I've mentioned a couple of times that I did an analysis of a fictitious
lossless line with complex Z0, noting that such a line couldn't be
constructed. This academic exercise was done by duplicating the
lossy-line analysis, but with loss constant alpha set to zero. With a
one wavelength line, all the results were consistent. However, after
looking more carefully at the lossless line analysis, I've found that
the law of conservation of energy is violated except for certain line
lengths. That is, the total average power into the "lossless" line isn't
always equal to the average power out. (The one wavelength I chose for
the analysis turned out to be one of the special cases where the average
power in does equal the average power out.) Of course, loss constant
alpha and line impedance Z0 aren't actually independent; both are
derived from the same R, C, L, and G parameters. Although I knew this, I
didn't realize what the consequence would be of assigning an impossible
combination of values to Z0 and alpha. The consequence turns out to be
that voltages, currents, and impedances are all consistent, but total
average power is not. I haven't posted the lossless line analysis, and
won't, since the results are invalid because of the invalid premises.

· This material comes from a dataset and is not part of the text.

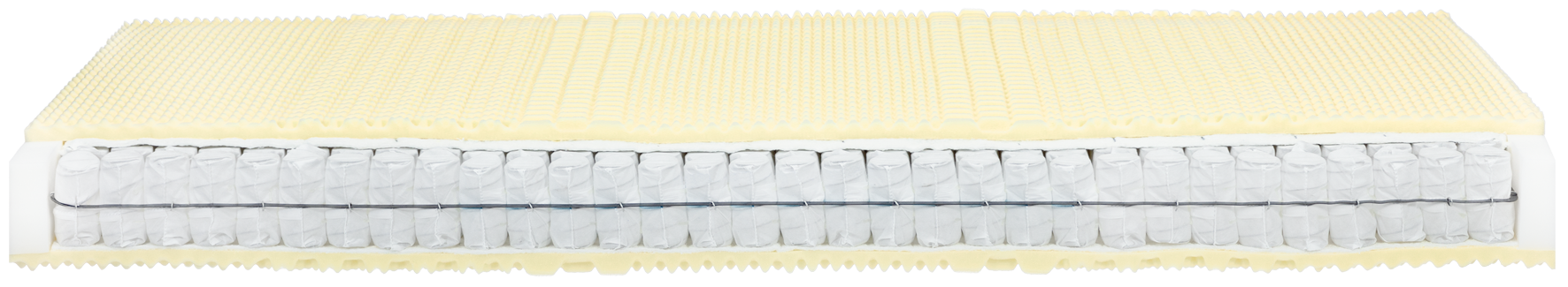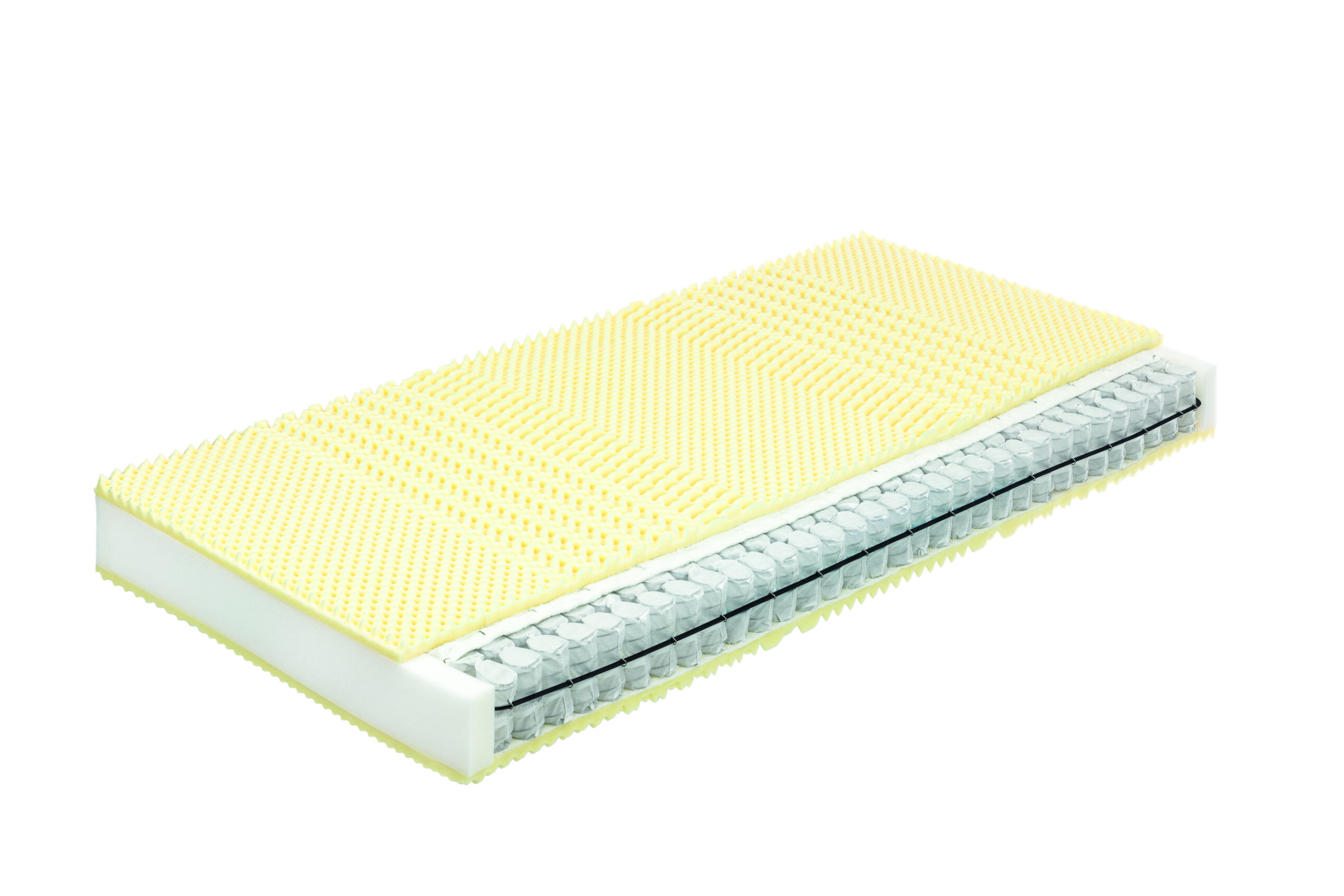 Kern: • 12 cm hoher 7-Zonen-Tonnentaschenfederkern mit 440 Federn • Kernhöhe ca. 18 cm • Wollfilz-Federkernabdeckung • beidseitig ca. 3 cm hoher AQUAPUR®-Schaum mit ergonomischer Noppenoberfläche, RG45 • Trikot Zwischenbezug Bezug: • Royal Dream-Jersey, Dessin 3780 TKZ 58 % Polyester, 42 % Lyocell (Tencel) • versteppt mit 400 g/m² Hygienevlies (100% Polyester) • rundum, Wendeschlaufen • abnehmbar durch Reißverschluss • waschbar bis 60 °C Gesamthöhe/Seitenhöhe: Ca. 21 cm Besondere Merkmale: zertifiziert nach OEKO-TEX® Standard 100, Produktklasse 1 für Babyartikel, Lizenznummer 63489

I
believe that any valid analysis must use loss constant alpha,
propagation constant beta, and characteristic impedance Z0 which are all
derived from the same R, C, L, and G parameters -- as was the case for
the lossy-line analysis I posted.

I continue to believe and assert that the lossy-line analysis I did post
is valid for any line length, and haven't seen any evidence to the contrary.

Roy Lewallen, W7EL